While the embodiment described herein involves cryptographic storage devices and Public Key Certificates being issued by an institution, alternative embodiments can make use of outsourced managed service providers that issue storage devices and Public Key Certificates on behalf of the institution, under contract to the institution.
Further, while the present embodiment relates to verifying the age of users of online resources intended only for children, the present invention is applicable to enforcing other types of access control rules for online resources. Such other rules include without limitation verifying that the user has reached the age of majority, as may be attested to by a driver's license regulator or other suitable trusted body. Such verification of age of majority may be employed by social networking sites intended for adults only and/or sites providing classified content, adult content or gambling content, whether delivered via the Internet to personal computers and the like or via multimedia services to mobile telephones or other wireless devices.
Alternatively the present invention may be employed in verifying that the user attends a certain school, as may be attested to by that school or by a government department of education.

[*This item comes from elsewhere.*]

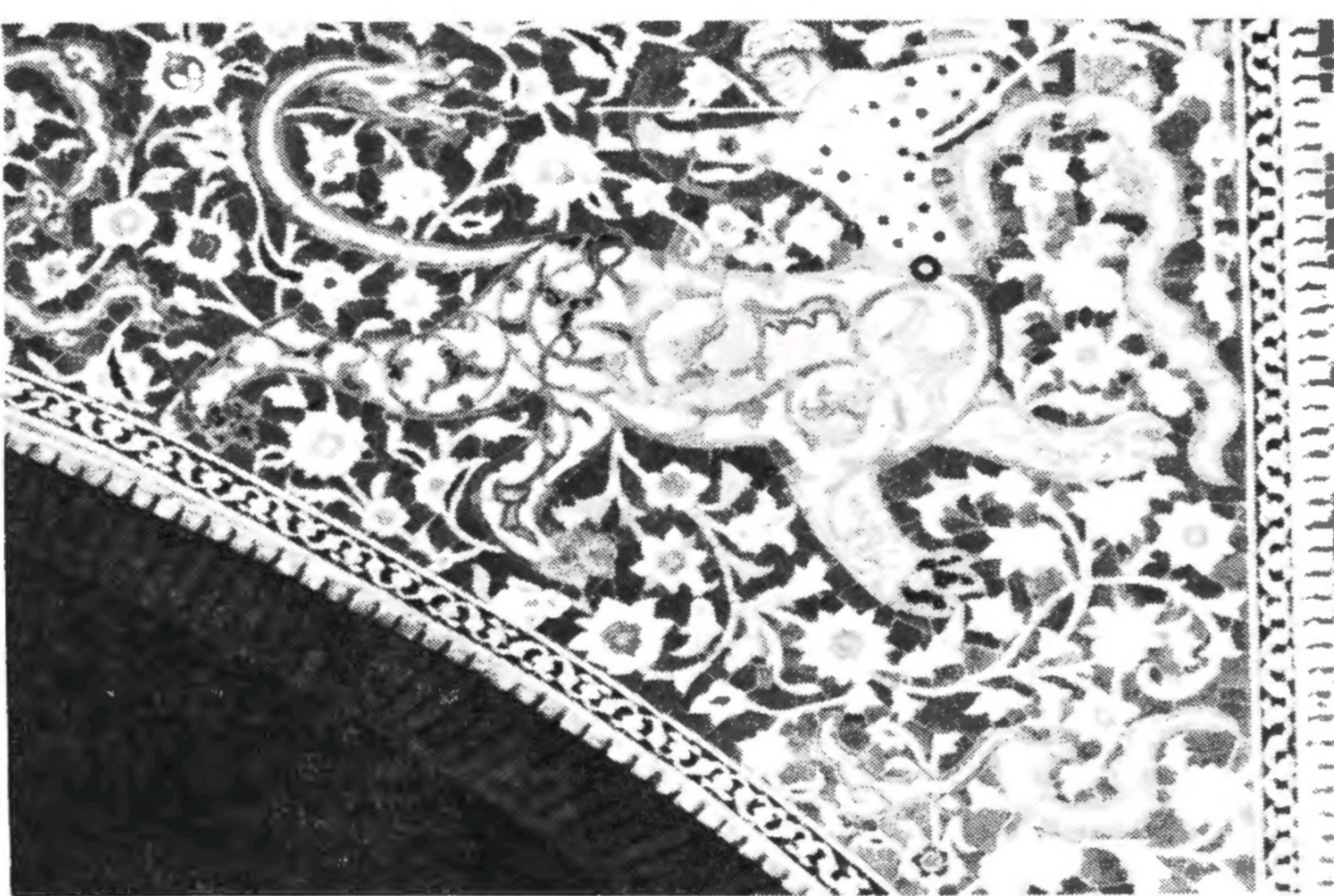
کاشیکاری سردرِ قیصریه با تصویر برج قوس (طالع اصفهان)
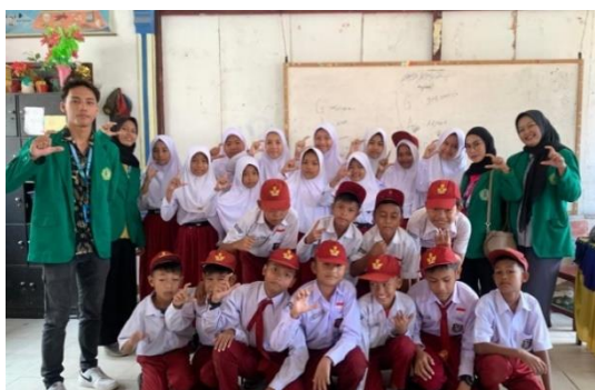
Gambar5. Sosialisasi di SDN 04 Bandarsono

Program literasi digital yang menasar 30an siswa SD Negeri 04 Desa Bandar Sono berhasil meningkatkan pemahaman mereka tentang penggunaan teknologi yang produktif dan aman. Evaluasi melalui pre-test dan post-test menunjukkan peningkatan skor rata-rata yang dari 35% menjadi 40%, khususnya dalam aspek pemahaman keamanan digital dan etika penggunaan gadget. Hal ini sekaligus menunjukkan adanya perbaikan perilaku siswa SD dalam memanfaatkan Gadget. Temuan (Mariyama et al., 2023), umumnya anak-anak menggunakan internet untuk mengakses media sosial termasuk youtube dan game daring . Guru melaporkan perubahan perilaku positif pada siswa, ditandai dengan peningkatan penggunaan gadget untuk tujuan edukatif dan berkurangnya akses ke konten yang tidak sesuai usia. Keberhasilan ini sejalan dengan rekomendasi (Pratiwi, L., & Setiawan, 2020; Isnayanti, 2025) tentang pentingnya integrasi literasi digital dalam kurikulum sejak usia dini dengan metode yang interaktif.

In other embodiments the demographic grouping may be by disease status, for example to attest to the user being free of sexually communicable diseases, as may be attested to by a certified health professional for example.
The demographic group may be membership of a romantic dating community, whereby the user's membership of the community is attested to by a community registrar. The demographic group may be membership of an online virtual world community or an online game such as a massively multiplayer online role playing game, whereby the user's membership of the community is attested to by a community registrar. In embodiments where community membership is verified, existing members of the community may be permitted to introduce new members by signing the new member's application using their Private Key and Public Key Certificate in order to effect an introduction.
The demographic group may be social security or old age benefit recipients, as may be attested to by a social security agency.
Still further, while the preferred embodiment has been described with reference to a personal computer for accessing online resources, it is to be appreciated that any computing device with network connectivity may be used in implementing the present invention. For example the computing device may comprise a suitably configured "multimedia" or 3G mobile telephone.
In a particular instance, this invention allows differentiation between children and adults in connection to controlling access to online resources intended only for children. In another instance, this invention allows differentiation of users in connection with online resources intended only for adults.
In one variation, a Certificate may be relied upon to verify that the user is a member of a particular demographic group, such as being within a particular age group, without requiring that any other personal details about the user such as their identity be revealed. This affords a means by which to establish the user's authorisation to access the resource in question, without requiring authentication of the user's identity nor use of a private key.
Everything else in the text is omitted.